Хер тебе, Зима, а не загул. Иди, бля, сухари с барахлом собирай. Уже, небось, едут по твою душу пропащую дядьки с мигалками. И опять же так мне, мудаку тупому, и надо. Вот только… раз уже все равно светит небо в клеточку и сам себя дерьмом считаю, лучше бы оттрахал подставу эту кучерявую.
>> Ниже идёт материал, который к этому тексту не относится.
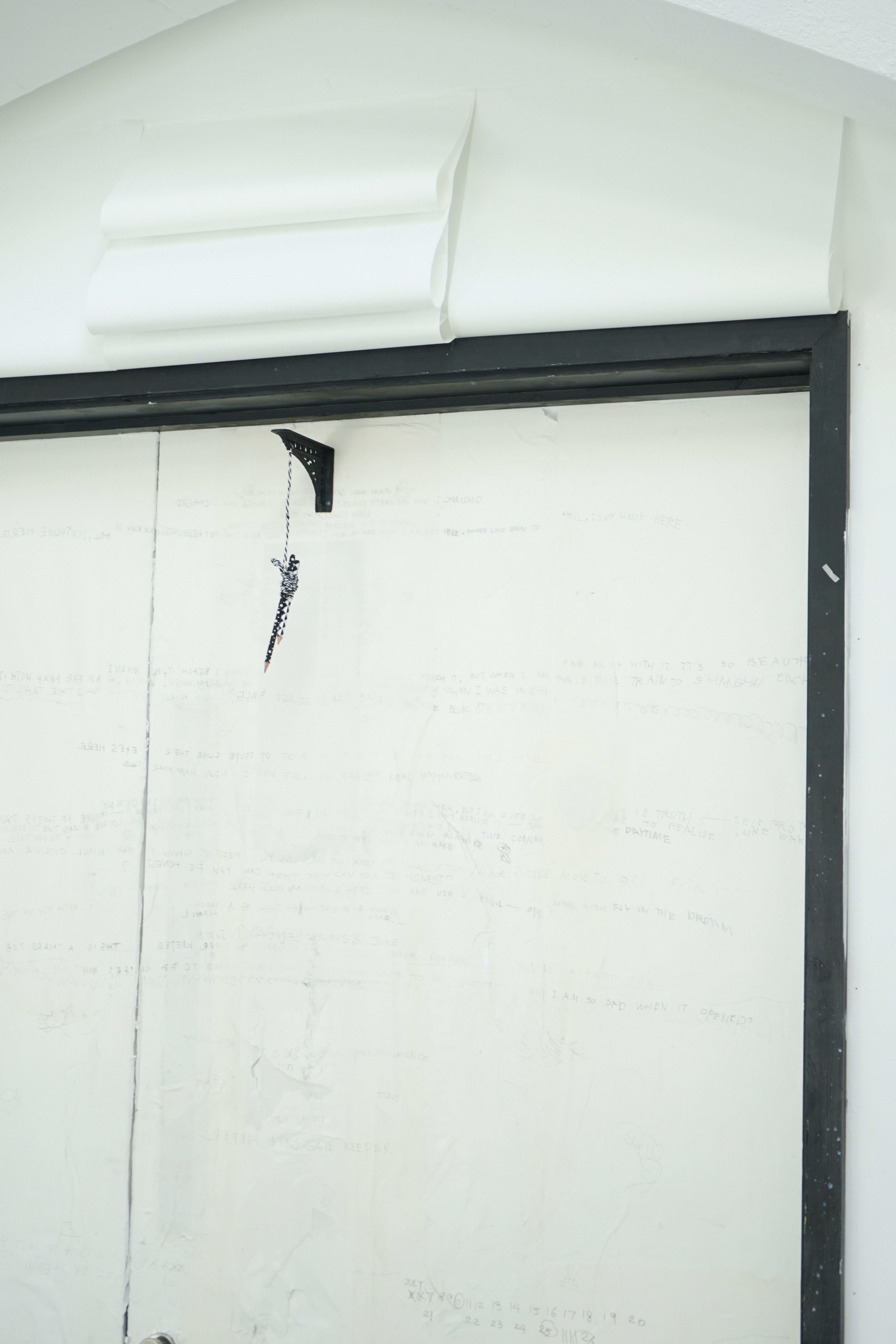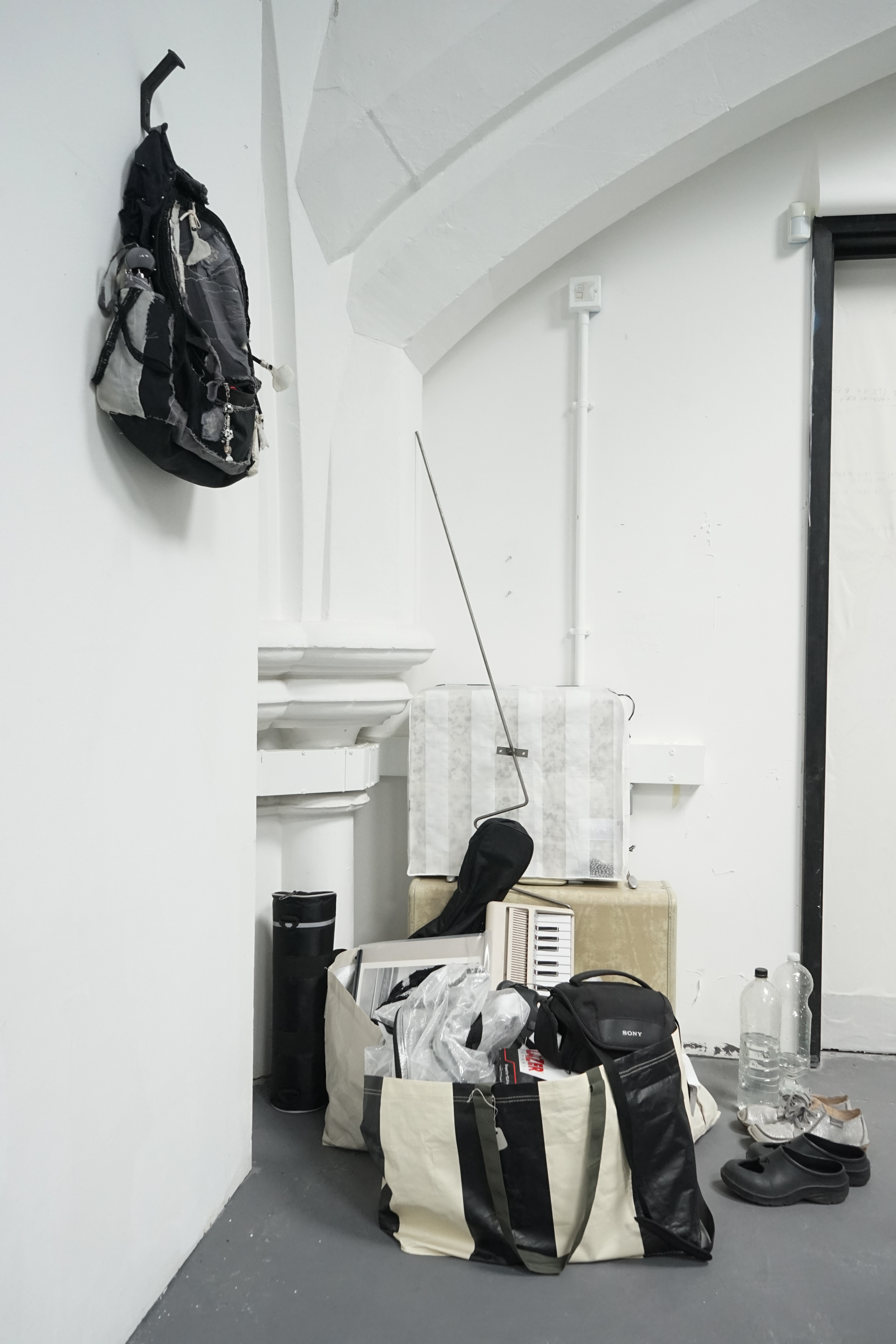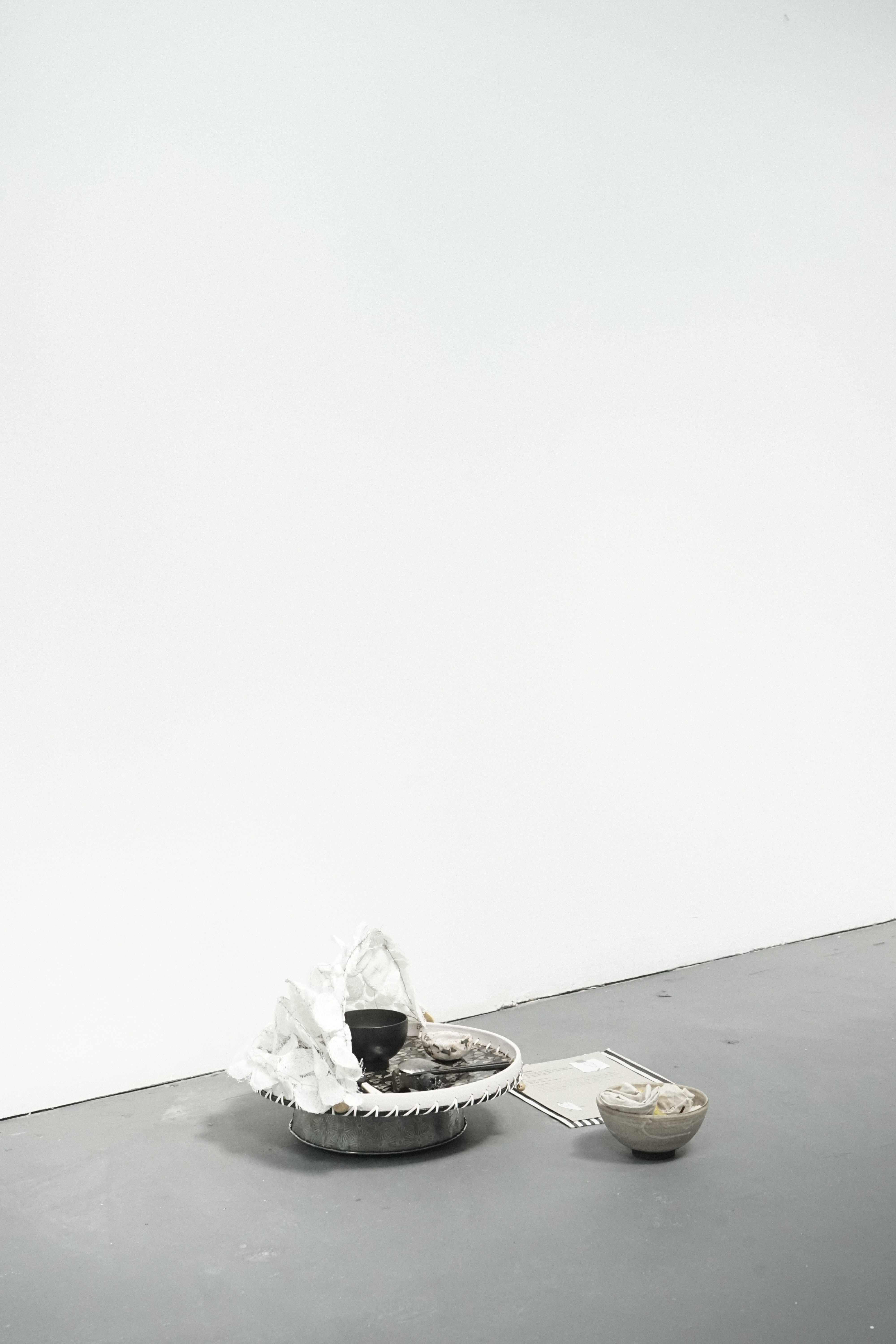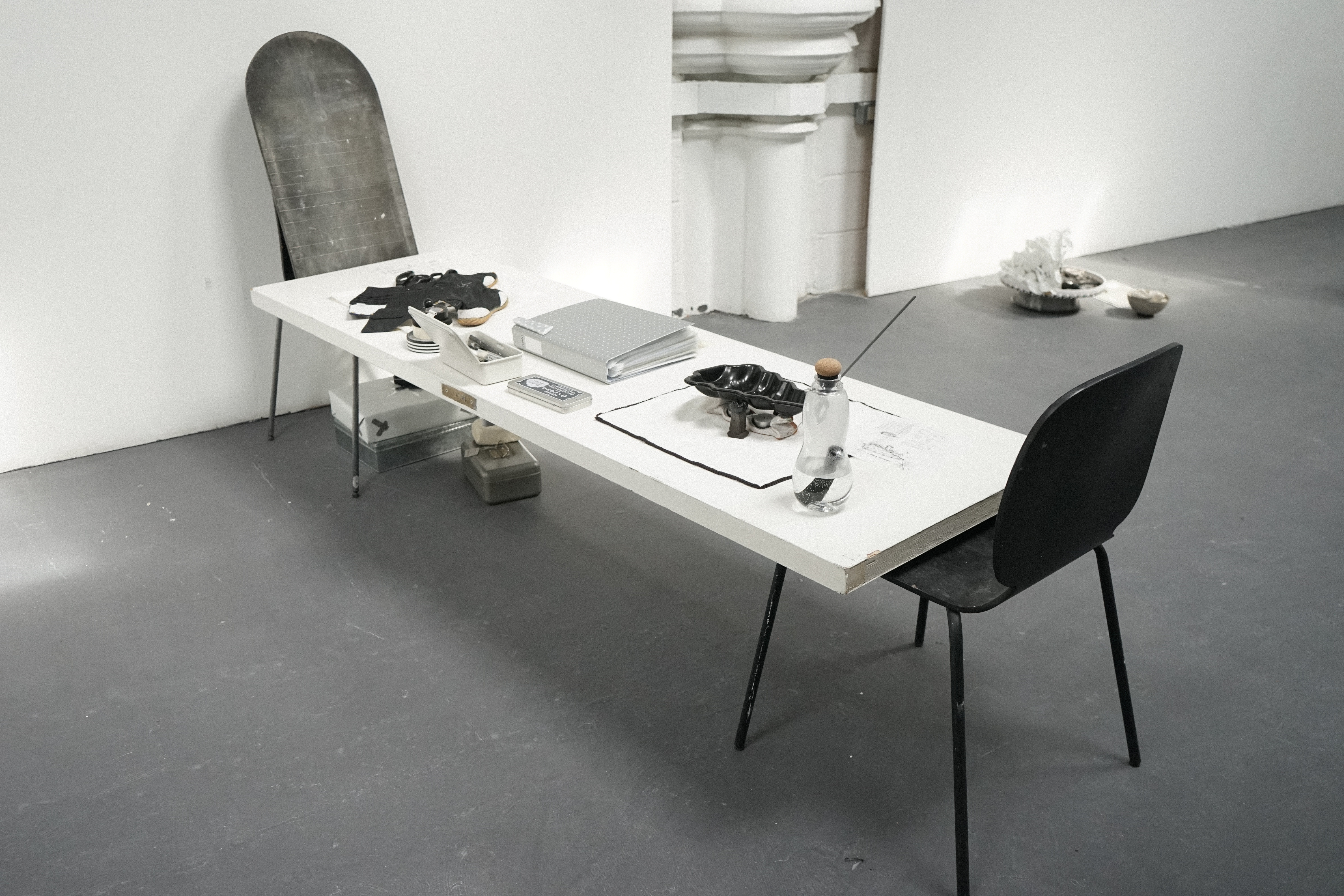 Found chair, found door, water bottle, cotton, tin box, ceramic, candle, lighter, paper, stick, tools, tapes, nails, tabi shoes, scissors, manuscript, packaging box, sponge wipe

Хоть знал бы, как это – засадить такой бабе, от которой у тебя мозги в хлам и инстинкты ревут как никогда в жизни. Ведь даже того, как она ощущалась на пальцах, мне хватает, чтобы опять в башке плыло. Стоял, уткнувшись лбом в стену на кухне в своей квартире, куда хер вспомню как дошел, пыхтел, как паровоз, все не в состоянии справиться с собой. Потому что… это же что за у*бищная засада, а? Я же уже почти в ней был. Членом. Сраная резинка нисколько не умаляла ее жара. Она горела. Для меня. Да, бежала. Ну потому что сам я дебил. Надо было еще поласкать. Надо было утащить куда-нибудь в спальню. И дала бы. Дала. Да не появись этот задрот, и там дала бы. Да, рвалась. Но я бы все исправил. Зацеловал, нагладил. Кончила бы подо мной и забыла бы. Простила. Девки, они добреют, хорошо оттраханные. А я бы уж ее так драл, что дар речи оба потеряли бы.
– Да, сука, кончай это, дебил! – прошипел я члену, что и так-то не опал, а от мыслей этих снова стал тяжелеть.